Chestnut Hill is an 18th-century Federal-style mansion north of Leesburg in Loudoun County, Virginia, United States. Chestnut Hill was the home of Thomson Francis Mason (1785-21 December 1838), a prominent jurist, lawyer, councilman, judge, mayor of Alexandria, and grandson of Founding Father of the United States George Mason. Chestnut Hill was also the home of Mason's son, Dr. John "Frank" Francis Mason (28 August 1828-4 August 1897). It is located at 13263 Chestnut Hill Lane near Leesburg.

==History==
It is hypothesized that Thomas George constructed a stucco-covered two-story fieldstone dwelling around 1766 prior to his purchase of the Chestnut Hill property. It was this structure that comprises the earliest section of the Chestnut Hill mansion. During the American Revolutionary War, Colonel Josias Clapham purchased 200 acre of property on which stood the small Chestnut Hill dwelling. The fieldstone house was further expanded in size under Colonel Clapham's ownership.
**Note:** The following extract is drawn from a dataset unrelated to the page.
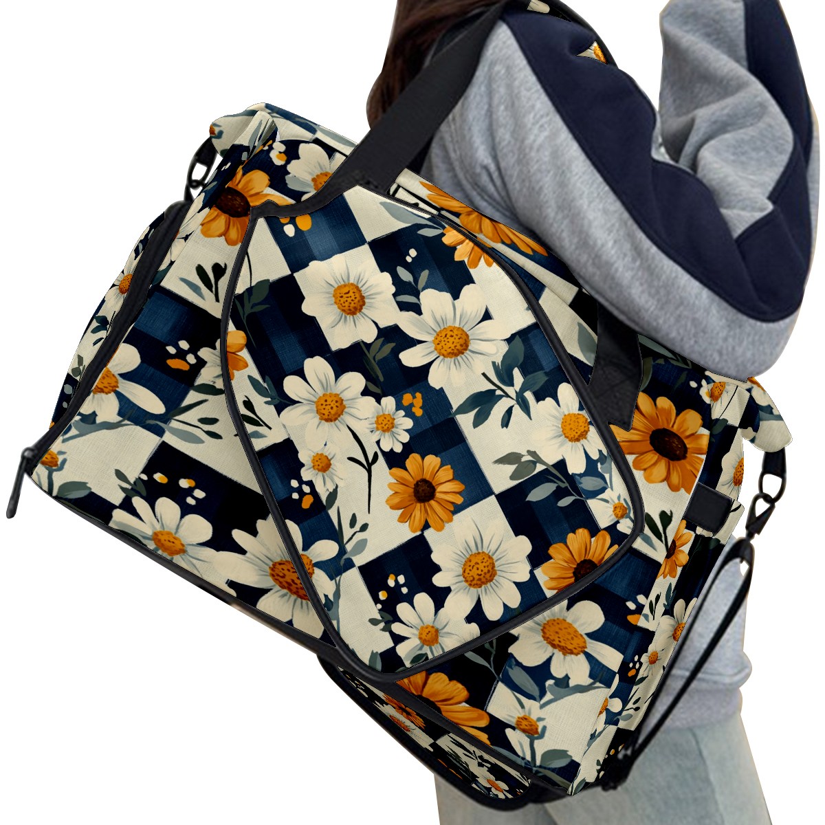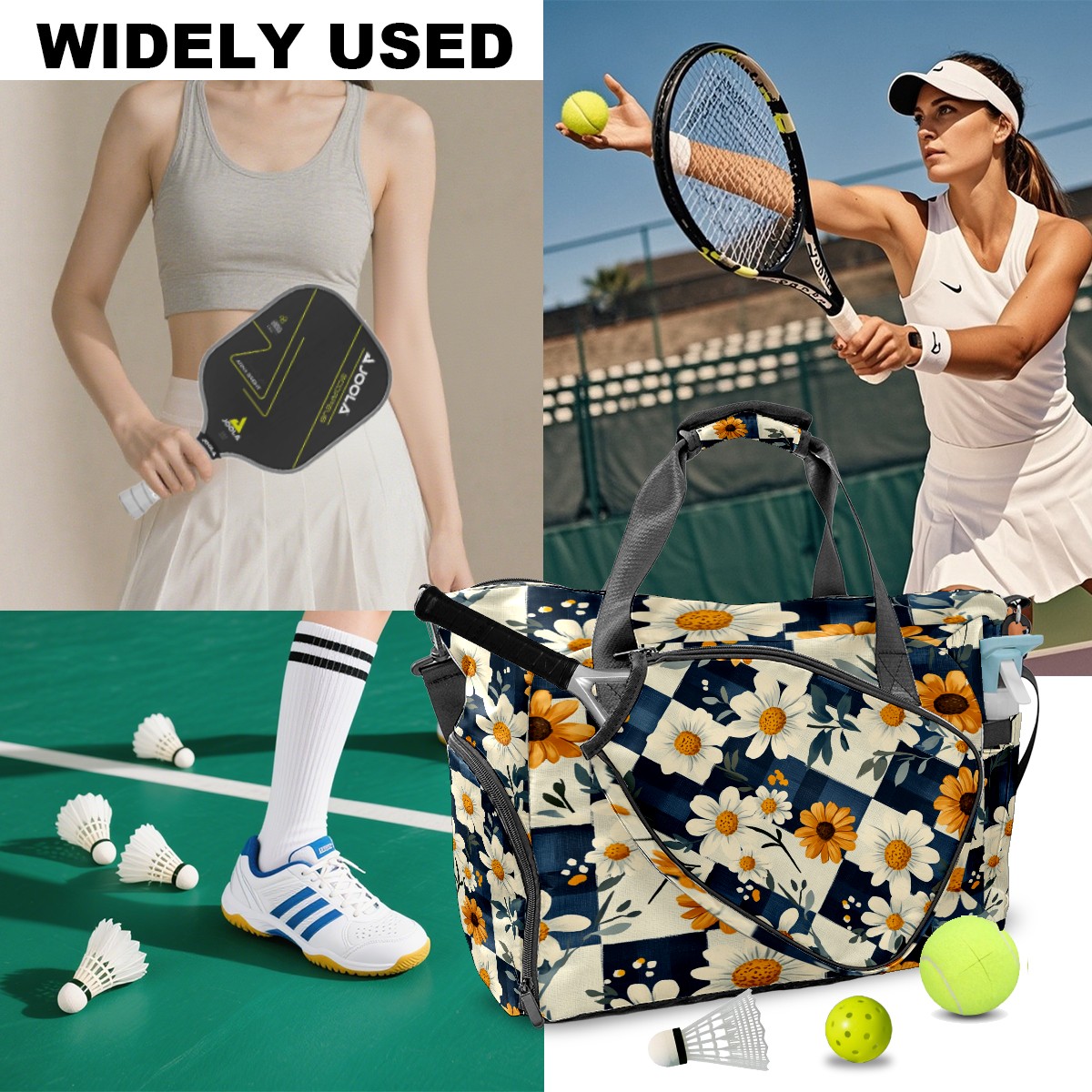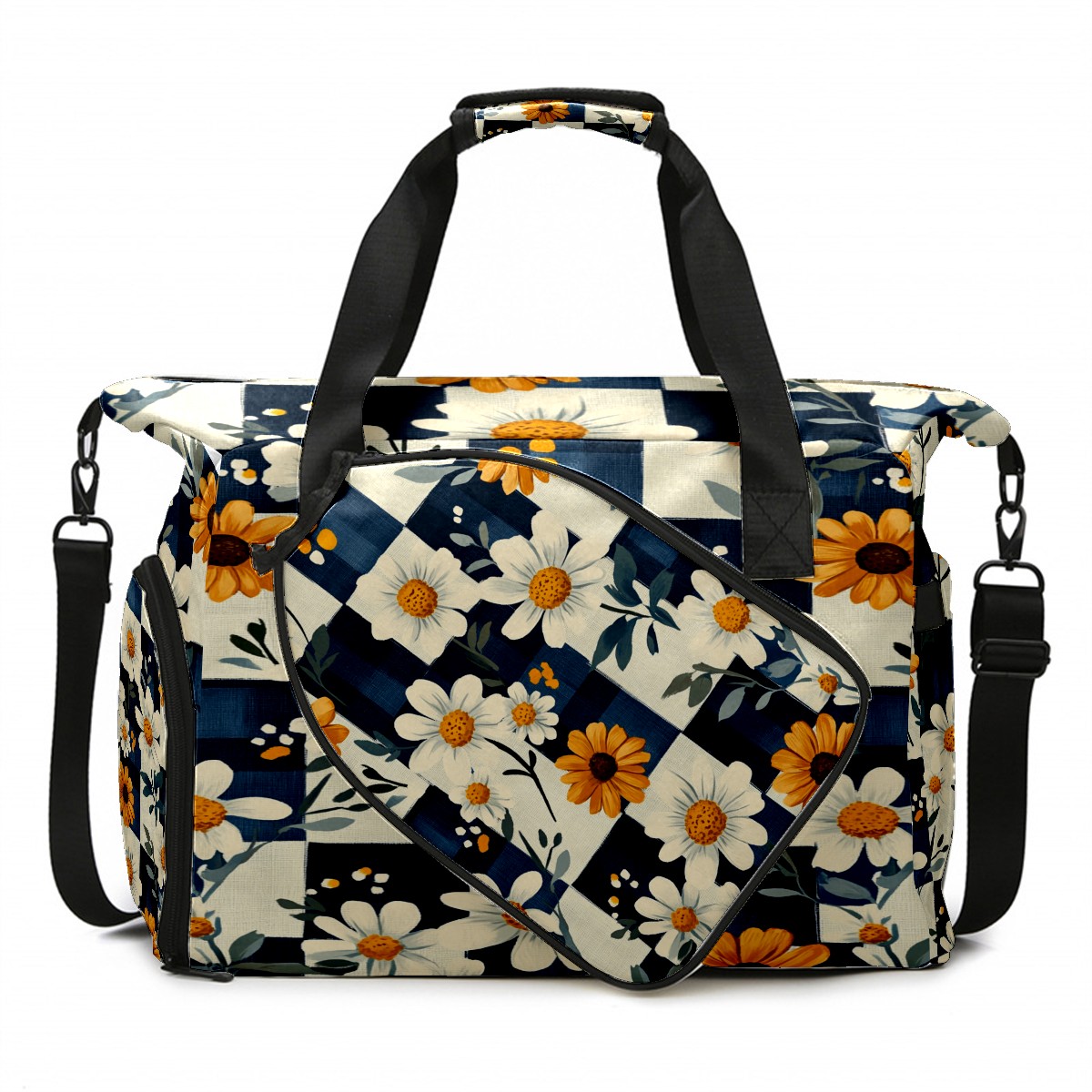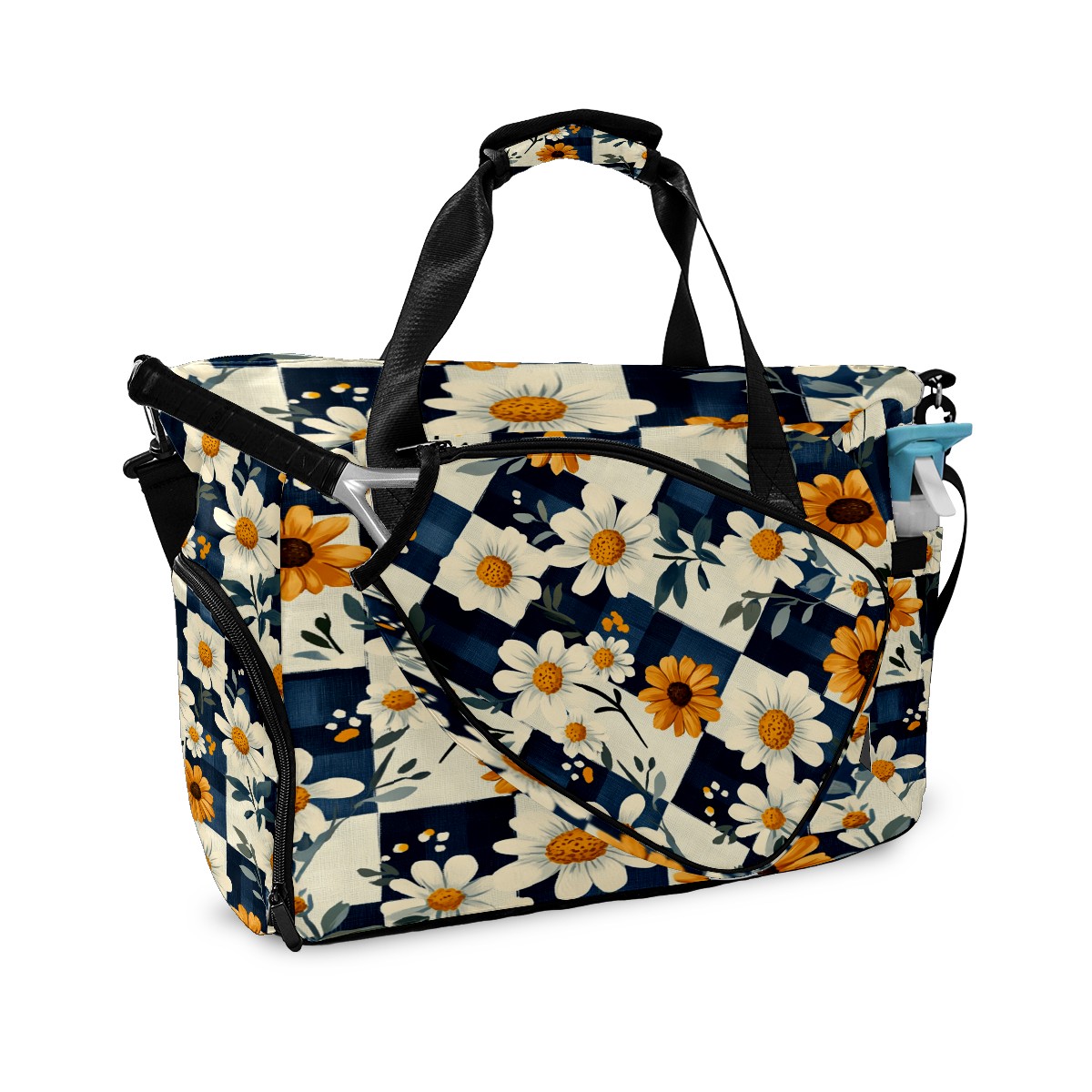 Lightweight Pickleball Tote Bag with Large Capacity, Shoe Compartment, Large Paddle Storage, Water Bottle Holder & Fence Hook for Women & Men Daisy Plaid Pattern

His son, Samuel Clapham, a representative for Loudoun County in the Virginia General Assembly from 1797 through 1799, acquired the house upon Colonel Clapham's death. Under his ownership, Samuel Clapham doubled the size of the house at Chestnut Hill.

The two-story fieldstone mansion was also considerably enlarged by Clapham's son-in-law, Thomson Francis Mason. Mason's wife Elizabeth Clapham Price Mason, known as Betsey, owned the Chestnut Hill property for 34 years until her death in 1873, although throughout most of her ownership she resided in Alexandria. By the early 1870s, Dr. John "Frank" Francis Mason was owner of Chestnut Hill and also enlarged the mansion. Chestnut Hill, along with the adjacent 20 acre, is currently for sale. It is believed that an original copy of the Virginia Declaration of Rights was stored at Chestnut Hill during the Mason family's ownership of the estate until it was sold to the National Archives and Records Administration in 1930.

==American Civil War==
Following Union Army orders to burn Chestnut Hill, the mansion was saved due to the respect the officer in charge of carrying out the orders had for the Mason family name.

==Architecture==
Chestnut Hill is a two-story Federal-style fieldstone house with interior end chimneys and a central-passage-double-pile-plan fieldstone addition. It is the oldest surviving structure of its kind in the area. The addition of a two-story flat-roofed portico and dormers were among the modifications made by Mr. and Mrs. Coleman C. Gore after they purchased the Chestnut Hill in 1930. The home features eleven fireplaces.